Religare Enterprises Ltd (REL), currently at the centre of a corporate control tussle, asserted on Friday that IRDAI’s recent no-objection letter to the Burman family’s open offer for REL shares should not be interpreted as regulatory approval for the proposed acquisition of the diversified financial services group.

This clarification aims to dispel interpretations in some circles that IRDAI’s position effectively signals the Burman family’s advancement towards gaining control of REL.

While conveying “no objection” to the proposed open offer, IRDAI stipulated that same is subject to all necessary approvals from other statutory/regulatory/judicial bodies as may be required, an REL spokesperson said.

Therefore, the letter from IRDAI is a “mere no objection” and not an approval “without any terms and conditions”, according to the spokesperson.

Furthermore, the no objection from IRDAI cannot be considered “approval being valid perpetually unless otherwise notified by the regulator” by any stretch of imagination, the REL spokesperson told businessline.

The outcome of the takeover battle and the proposed open offer still remains uncertain, with the final decision resting in the hands of regulators SEBI and RBI.

Both SEBI and RBI must address complex legal issues and navigate the series of allegations and counterclaims between the Burman family, the acquirers, and the Rashmi Saluja-led REL Board opposing the takeover.

IRDAI’s prior approval 

REL had sought IRDAI’s prior approval for the Burman family’s open offer as Care Health Insurance Ltd (CHIL), a subsidiary of REL, was under the regulatory oversight of IRDAI. REL owns 63 per cent stake in CHIL and its ownership will remain unchanged even if Burman Family’s open offer were to go through eventually. 

“Insofar as CHIL application, IRDAI has advised that “the open offer …does not involve any transfer of shares of CHIL. Accordingly, the provisions regarding register of transfer of shares of insurer under Section 6A(4)(b) of the Insurance Act, 1938 are not attracted. In this case, as such, the submission of the application for transfer of shares is not required. However, we have taken note of your submission and have no objection for the proposed open offer pertaining to the shares of REL subject to the insurer, promoter(s), transferor and transferees obtaining all the necessary approvals from other statutory/regulatory/judicial bodies as may be required,” REL spokesperson said quoting the IRDAI letter.

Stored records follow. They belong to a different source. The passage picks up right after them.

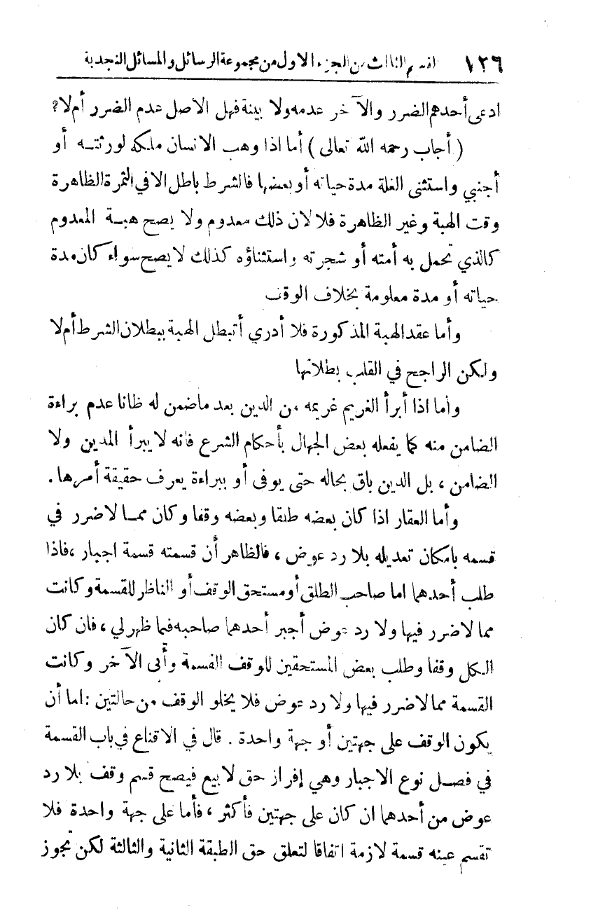 (أجاب رحمه الله تعالى): أمّا إذا وهب الإنسان ملكه لورثته أو أجنبي واستثنى الغلة مدة حياته أو بعضها فالشّرط باطل إلّا في الثّمرة الظّاهرة وقت الهبة وغير الظّاهر فلا؛ لأنّ ذلك معدوم فلا يصح هبة المعدوم كالّذي تحمل به أمته أو شجرة واستثناؤه كذلك لا يصحّ سواء كان مدة حياته أو مدة معلومة بخلاف الوقف.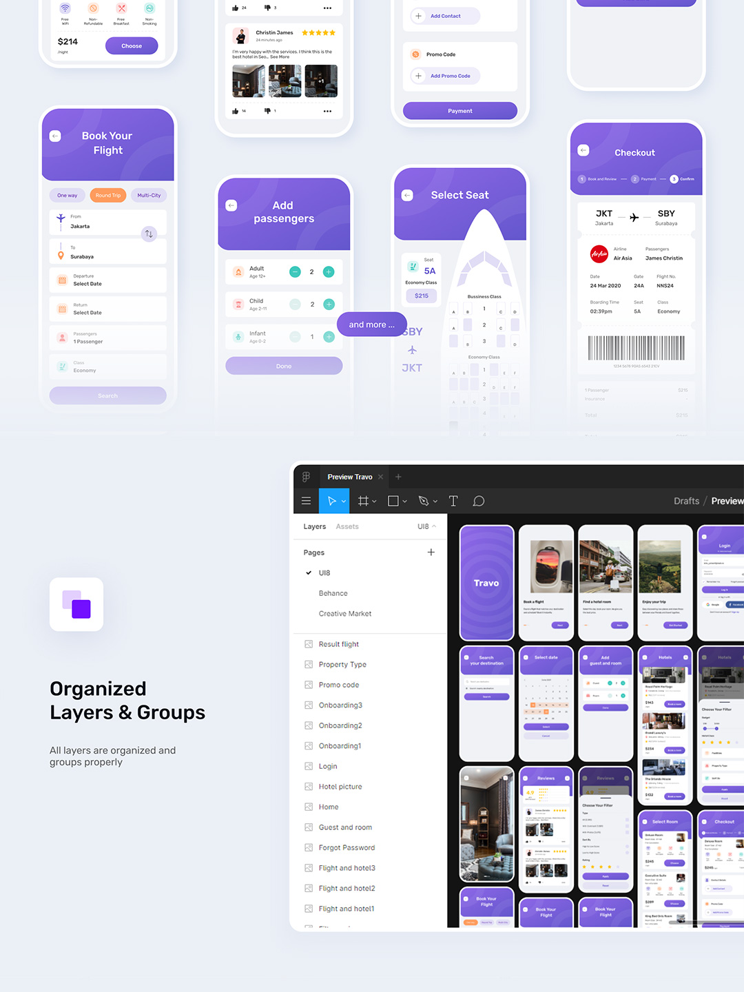 43页旅行,航班和酒店APP设计Figma、Sketch 、 XD、studio格式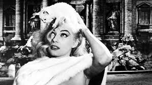 This is the real story of my affair with Anita Ekberg. In 2012, I had written a very short paragraph of my first visit to the Trevi Fountain in Rome, Italy. I recounted how I found a spot away from the gaggle of tourist and for a moment had a short-term detachment from my immediate surroundings to relive the famous scene from Federico Fellini’s film, La Dolce Vita. In my daydream, I replayed the black and white scene of voluptuous Anita Ekberg wading through the fountain as her long blonde hair cascading down her back like the falling water’s behind her. The scene was glorious and lush with sensuality. Anita’s was wearing a strapless black evening gown with its plunging sweetheart neckline and seductively urging Mastroianni to join her in the fountain,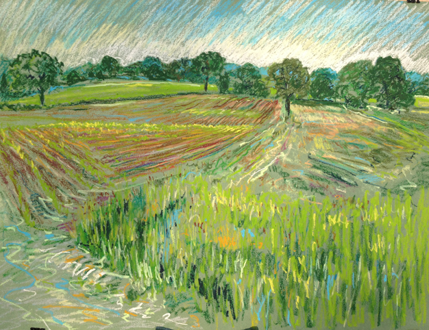Day 167 ............Day 167 ............ I found a great spot to sketch this afternoon on a remote country lane between Hampton Wood and Welshampton. In the time I was there, two cars passed as well as two horse-riders. They stopped for a chat which was nice. I think I'll go back there and paint soon. Oil pastel on blue Ingres paper.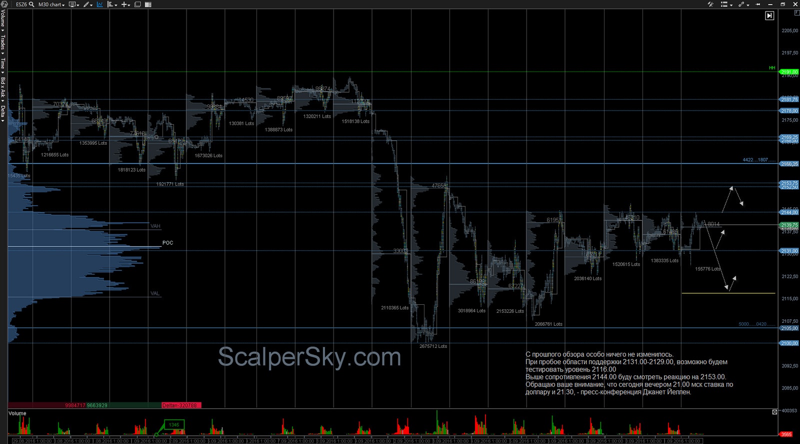 Обзор e-mini S&P 500 на 21 сентября 2016 года.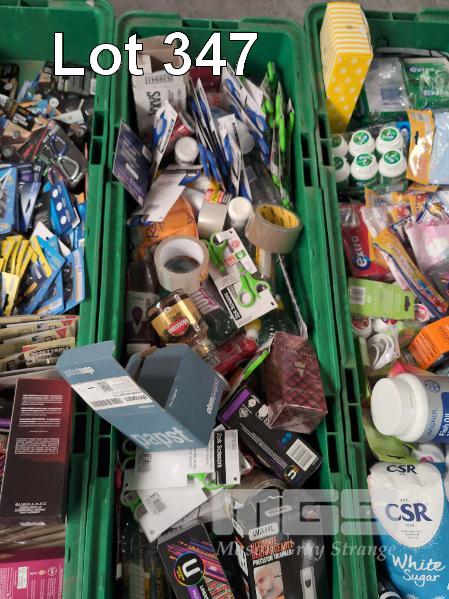 SELECTION OF CONVENIENCE STORE GROCERY STOCK. INCLUDES ASSORTED BATTERIES & HARDWARE, CHEWING GUMS, INSTANT COFFEE, OFFICE SUPPLIES ETC CONTENTS 3 X GREEN TUBS. GREEN TUBS NOT INCLUDED.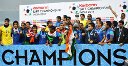 Indian Football team won the South Asian Football Federation (SAFF) Championship for the sixth time Sunday, defeating first time entrant in the final of SAFF Cup Afghanistan by 4-0. India's star performer, Man of the Match and Player of the Tournament Sunil Chhetri, Clifford Miranda, Jeje Lalpekhlua, and substitute Chongtham Sushil Singh scored a goal each for India.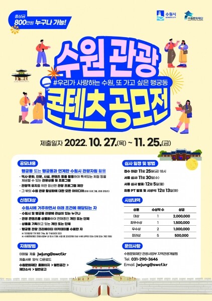 이 공모전은 기추진 중인 ‘행궁동 관광 크리에이터 아카데미’와 연계된 사업으로 아카데미 교육생과 더불어 수원시민 모두를 대상으로 참신한 아이디어를 공모한다.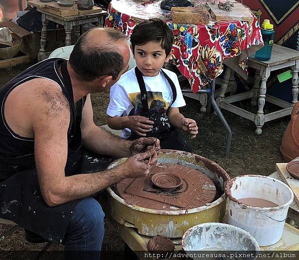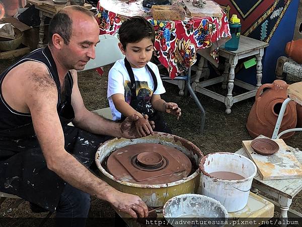 陶器製作示範, 現場的小朋友可以排隊參與, 親手操作, 有師傅教導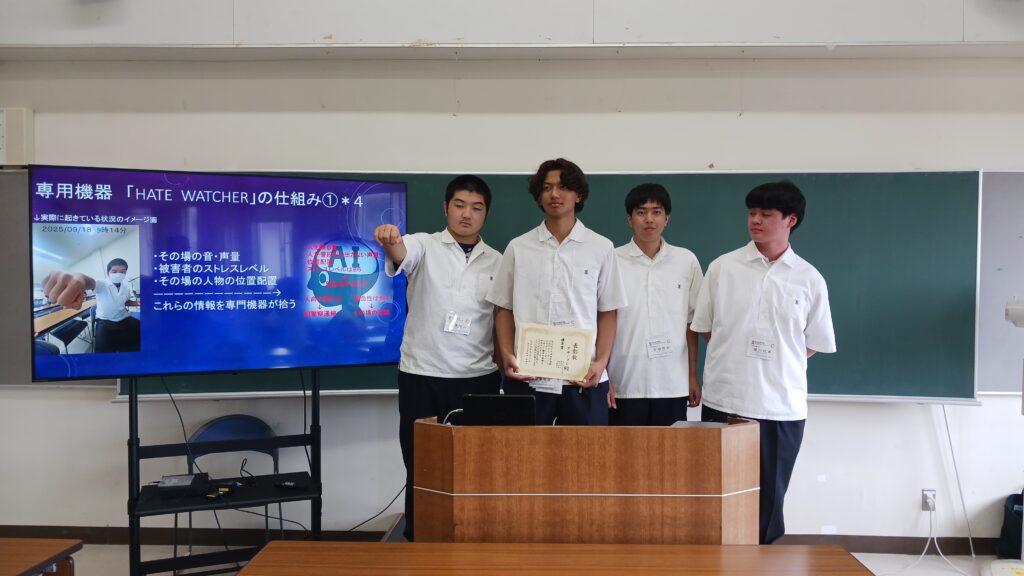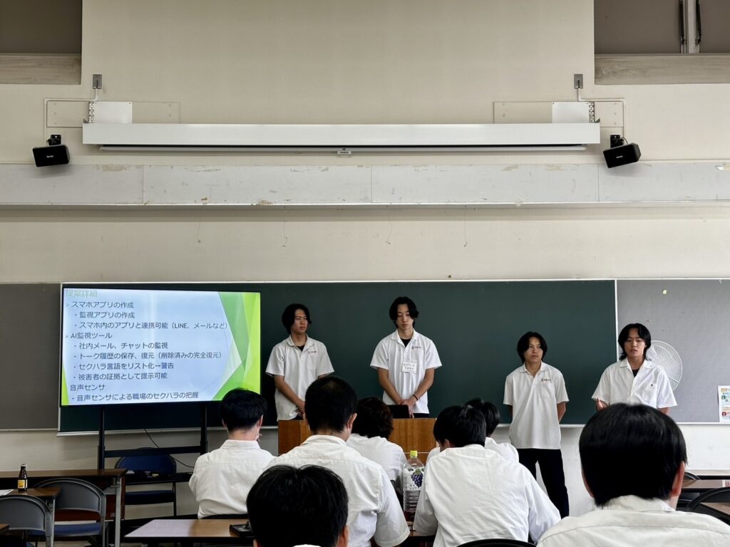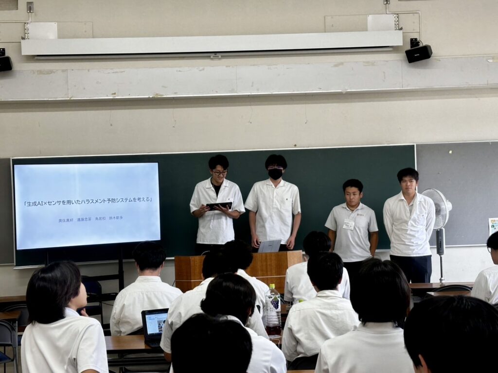 今年は「生成AI✕センサーを用いたハラスメント予防システムを考える」をテーマに、問題分析から解決に向けアイデアを広げ、最終的にサービスやシステムを開発。合宿の最後には、グループ発表を行い、最優秀賞にはグループD「ノーハラ」、優秀賞にはグループC「Hate Watcher」、奨励賞にはグループA「心のHEALTH」情報科賞にはグループE「クールマインドウォッチ」が選ばれ2日間の合宿が終了しました。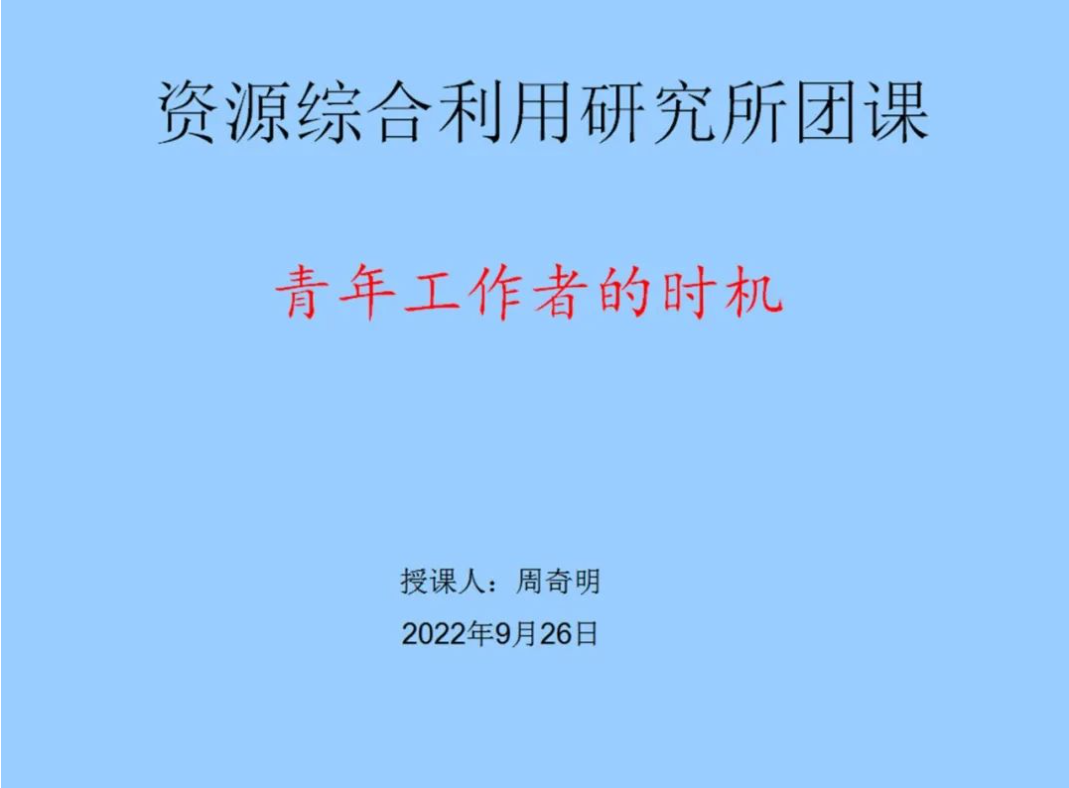 資綜所所長、黨支部書記周奇明認為青年工作者有5個時機:入職中色桂林院是一個時機,加入現(xiàn)在科研團隊一個時機,有了師傅是一個時機,參與項目是一個時機,并詳細分享了每個時機該有的收獲,勉勵青年團員要珍惜機會、把握機會、在實踐中實現(xiàn)自我,勤學、勤問、勤思考、多動手、多體會、多總結(jié),把青春的精力融入團隊。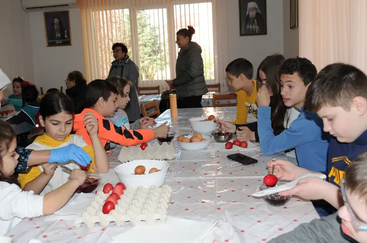 Още в края на миналата година, когато учениците посетиха храма по случай Рождество, свещениците отправиха към тях покана да се включат във Великденското боядисване на яйца, която беше приета с радост.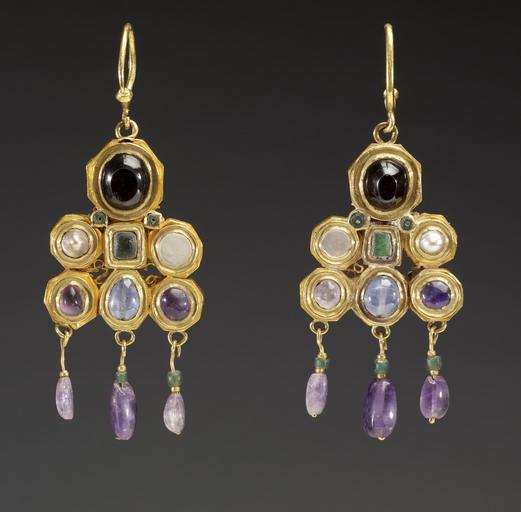 | Keywords: Byzantine - Pair of Earrings - Walters 57560, 57561.jpg These dramatic colorful earrings were most likely made in Constantinople perhaps as an imperial gift to a Visigothic ruler of medieval Spain where the earrings were found The Visigoths a migratory group that ultimately settled in Spain had by the 6th century established trade and diplomatic contacts with the Byzantine court whose jewelry they much admired ca 600 Early Medieval gold pearls and semiprecious stones cm 11 2 4 4 2 5 accession number 57 560 57 561 77410 Found in Estremadura Henri Daguerre Paris date of acquisition unknown by purchase Henry Walters Baltimore October 1930 by purchase Walters Art Museum Henry Walters Acquired by Henry Walters 1930 place of origin Constantinople present-day Istanbul Turkey Walters Art Museum license Ancient Roman art in the Walters Art Museum Jewellery in the Walters Art Museum Byzantine earrings Media contributed by the Walters Art Museum needs category review Byzantine jewellery Ancient earrings |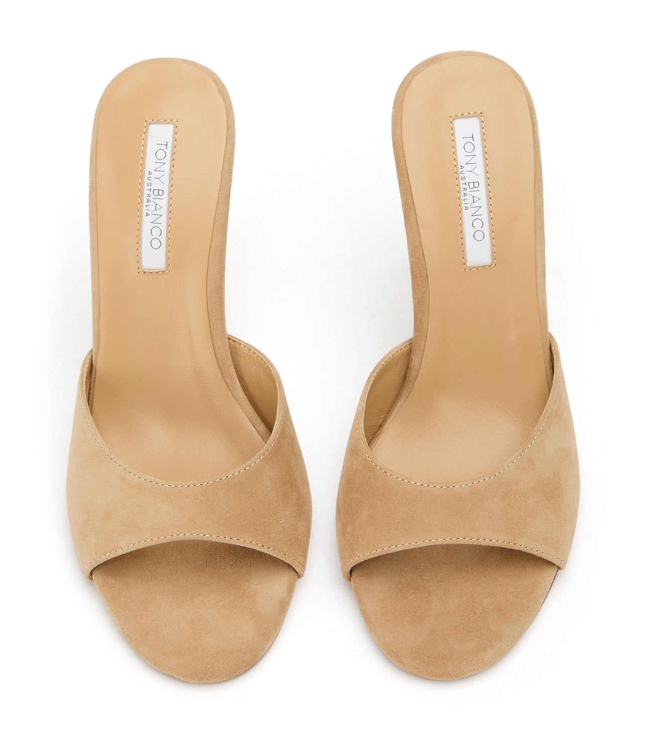 Slip into elevated style with Victoria. Crafted in suede leather, this mule heel features an open toe, curved vamp, and a thicker heel base for comfort and refined appeal.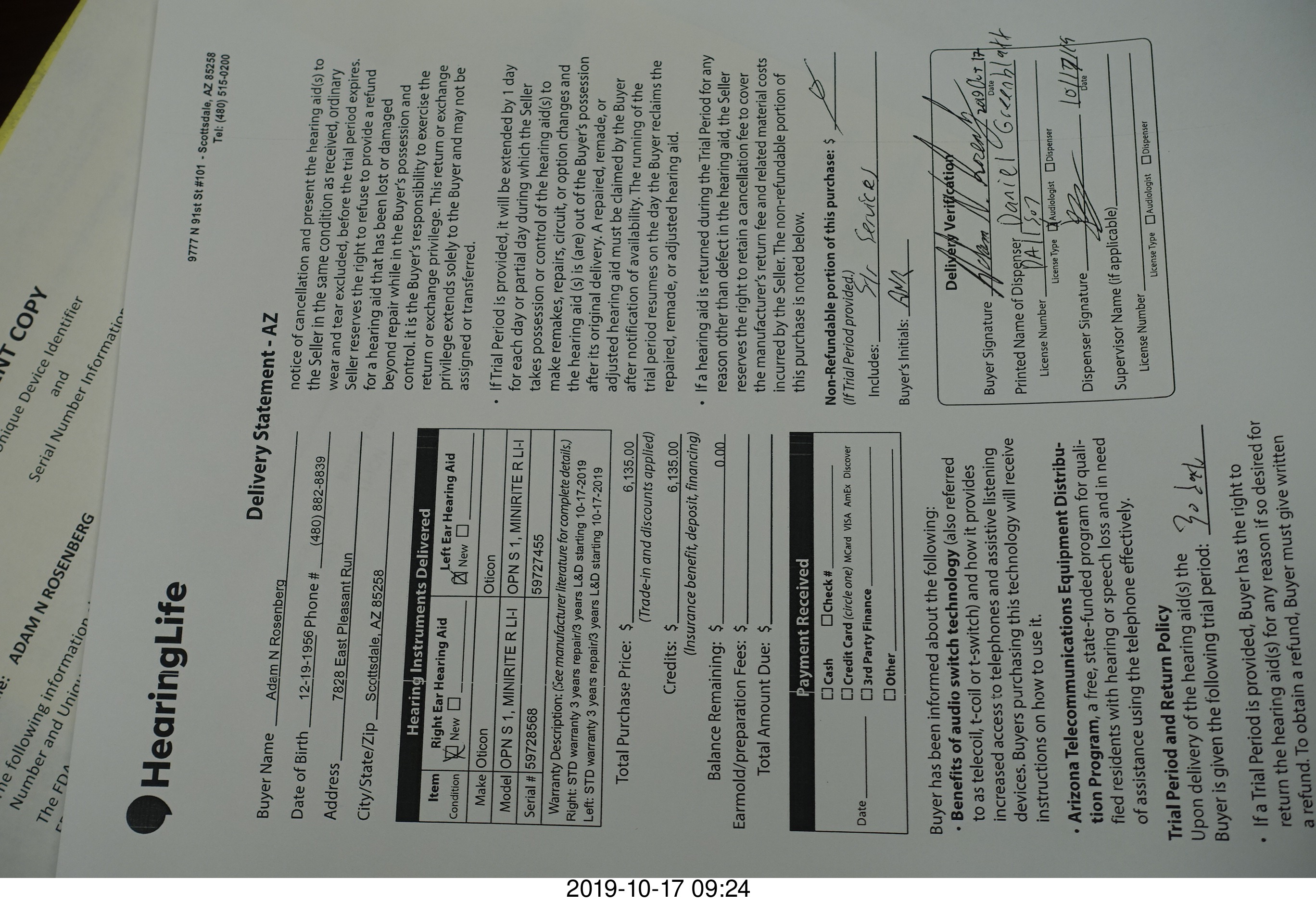 31. Oticon hearing aids paperwork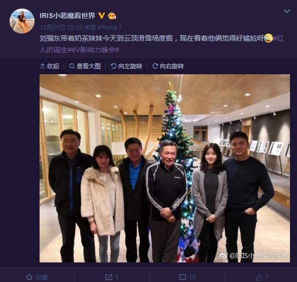 直到圣诞节当天,有网友发现章泽天与刘强东现身云顶滑雪场。他在微博中称:“刘强东带着奶茶妹妹今天到云顶滑雪场度假,现在看着他俩觉得好尴尬呀。”

REL had sought IRDAI prior approval for the Burman family’s open offer for REL in respect of two downstream entities — CHIL and the MIC Insurance Web Aggregators Pvt Ltd.  

Why REL sought IRDAI approval 

“Based on our understanding of the provisions of Section 6A of Insurance Act, especially in the light of explanation to Section 6A about reckoning of holding of shares indirectly by shareholders of public company, regulatory application for prior approval for transfer of shares in terms of Section 6A of the Insurance Act was made in case of CHIL. 

Similarly, as there was a change of beneficial ownership and control resulting from the open offer in terms of IRDAI (Insurance Web aggregators) Regulations, an application was made in case of MIC Insurance Web Aggregators Pvt Ltd”, REL spokesperson said.

While IRDAI has conveyed its no-objection in the case of CHIL, a decision of insurance regulator is awaited as regards to the application by MIC, the REL spokesperson added.